ClaudeBot Identification Basics

Before verifying authenticity, publishers must identify ClaudeBot among thousands of daily crawler requests through User-Agent inspection and behavioral patterns.

User-Agent strings for ClaudeBot follow the pattern:

Mozilla/5.0 AppleWebKit/537.36 (KHTML, like Gecko; compatible; ClaudeBot/1.0; +https://www.anthropic.com)

Key characteristics include:

  • "ClaudeBot" identifier in the string
  • Version number (1.0, though this may increment over time)
  • Information URL pointing to Anthropic's documentation
  • Mozilla compatibility declaration for web compatibility

Simple detection through string matching:

def is_claudebot(user_agent: str) -> bool:
    return 'claudebot' in user_agent.lower()

However, this trivial check accepts any request claiming to be ClaudeBot, including spoofed attempts. Verification requires additional steps.

Request patterns provide behavioral signals. Legitimate ClaudeBot typically exhibits:

  • Consistent User-Agent: Doesn't randomly vary across requests
  • Respect for robots.txt: Honors disallow directives (when compliant)
  • Reasonable rate limiting: Doesn't overwhelm servers with excessive requests
  • Standard HTTP compliance: Follows redirects, respects cache headers

Deviation from these patterns suggests problematic crawlers regardless of claimed identity.

Public documentation from Anthropic describes ClaudeBot's purpose and behavior. As of early 2026, Anthropic provides:

  • IP ranges for ClaudeBot infrastructure
  • robots.txt opt-out instructions
  • Contact information for crawler issues
  • Policy statements about data collection

Publishers should monitor Anthropic's public documentation for updates to verification methods as infrastructure evolves.

DNS Verification Process

The gold standard for crawler authentication uses DNS bidirectional verification preventing IP spoofing and User-Agent forgery simultaneously.

Reverse DNS lookup (rDNS) maps IP addresses to hostnames.
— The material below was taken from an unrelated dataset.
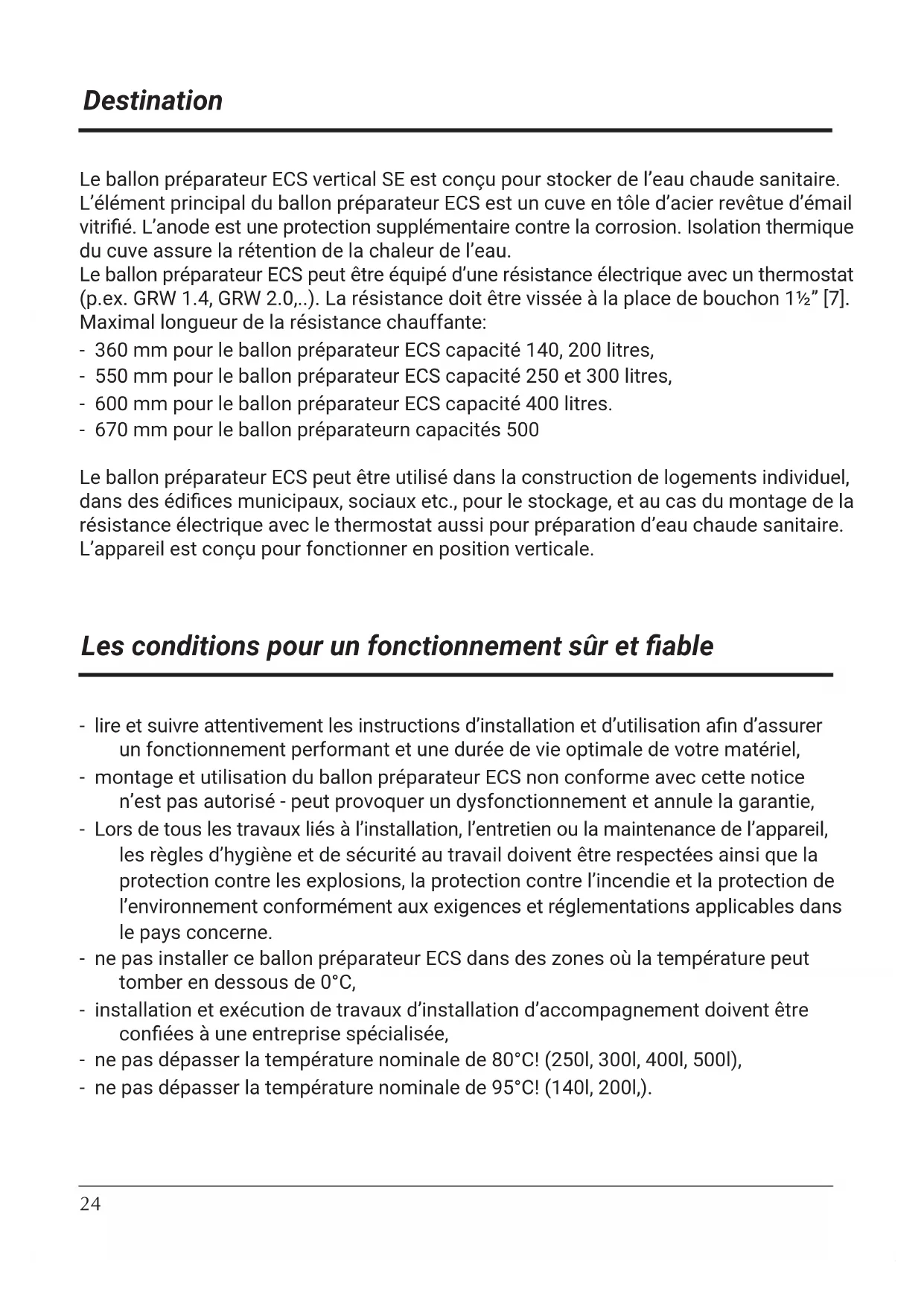 AMW. M8.400 EN24 Le ballon préparateur ECS vertical SE est conçu pour stocker de l’eau chaude sanitaire. L’élément principal du ballon préparateur ECS est un cuve en tôle d’acier revêtue d’émail vitrié. L’anode est une protection supplémentaire contre la corrosion. Isolation thermique du cuve assure la rétention de la chaleur de l’eau. Le ballon préparateur ECS peut être équipé d’une résistance électrique avec un thermostat (p.ex. GRW 1.4, GRW 2.0,..). La résistance doit être vissée à la place de bouchon 1½” [7]. Maximal longueur de la résistance chauffante: - 360 mm pour le ballon préparateur ECS capacité 140, 200 litres, - 550 mm pour le ballon préparateur ECS capacité 250 et 300 litres, - 600 mm pour le ballon préparateur ECS capacité 400 litres. - 670 mm pour le ballon préparateurn capacités 500 Le ballon préparateur ECS peut être utilisé dans la construction de logements individuel, dans des édices municipaux, sociaux etc., pour le stockage, et au cas du montage de la résistance électrique avec le thermostat aussi pour préparation d’eau chaude sanitaire. L’appareil est conçu pour fonctionner en position verticale. - lire et suivre attentivement les instructions d’installation et d’utilisation an d’assurer un fonctionnement performant et une durée de vie optimale de votre matériel, - montage et utilisation du ballon préparateur ECS non conforme avec cette notice n’est pas autorisé - peut provoquer un dysfonctionnement et annule la garantie, - Lors de tous les travaux liés à l’installation, l’entretien ou la maintenance de l’appareil, les règles d’hygiène et de sécurité au travail doivent être respectées ainsi que la protection contre les explosions, la protection contre l’incendie et la protection de l’environnement conformément aux exigences et réglementations applicables dans le pays concerne. - ne pas installer ce ballon préparateur ECS dans des zones où la température peut tomber en dessous de 0°C, - installation et exécution de travaux d’installation d’accompagnement doivent être conées à une entreprise spécialisée, - ne pas dépasser la température nominale de 80°C! (250l, 300l, 400l, 500l), - ne pas dépasser la température nominale de 95°C! (140l, 200l,). Destination Les conditions pour un fonctionnement sûr et able25 PL;EN;DE;FR-042_f.1640

When receiving a request claiming to be ClaudeBot:

  1. Extract the source IP address from the request
  2. Perform reverse DNS query (PTR record lookup) on the IP
  3. Obtain hostname (should be *.anthropic.com for legitimate ClaudeBot)
  4. Verify hostname matches expected pattern

Python implementation:

import socket

def reverse_dns_lookup(ip: str) -> str:
    try:
        hostname = socket.gethostbyaddr(ip)[0]
        return hostname
    except socket.herror:
        return None

Example result for legitimate ClaudeBot: crawler-123.anthropic.com

Forward DNS verification confirms the hostname resolves back to the original IP:

def forward_dns_lookup(hostname: str) -> list:
    try:
        return socket.gethostbyname_ex(hostname)[2]
    except socket.gaierror:
        return []

Bidirectional verification combines both lookups:

def verify_claudebot(ip: str, user_agent: str) -> bool:
    # First check User-Agent claims to be ClaudeBot
    if 'claudebot' not in user_agent.lower():
        return False

    # Reverse DNS: IP -> hostname
    hostname = reverse_dns_lookup(ip)
    if not hostname:
        return False

    # Verify hostname matches Anthropic pattern
    if not hostname.endswith('.anthropic.com'):
        return False

    # Forward DNS: hostname -> IPs
    resolved_ips = forward_dns_lookup(hostname)
    if not resolved_ips:
        return False

    # Confirm original IP is in resolved IPs
    return ip in resolved_ips

This process is cryptographically secure because attackers can't forge DNS records for domains they don't control. Even if they spoof source IPs (difficult with TCP), reverse DNS lookups would reveal actual domain ownership.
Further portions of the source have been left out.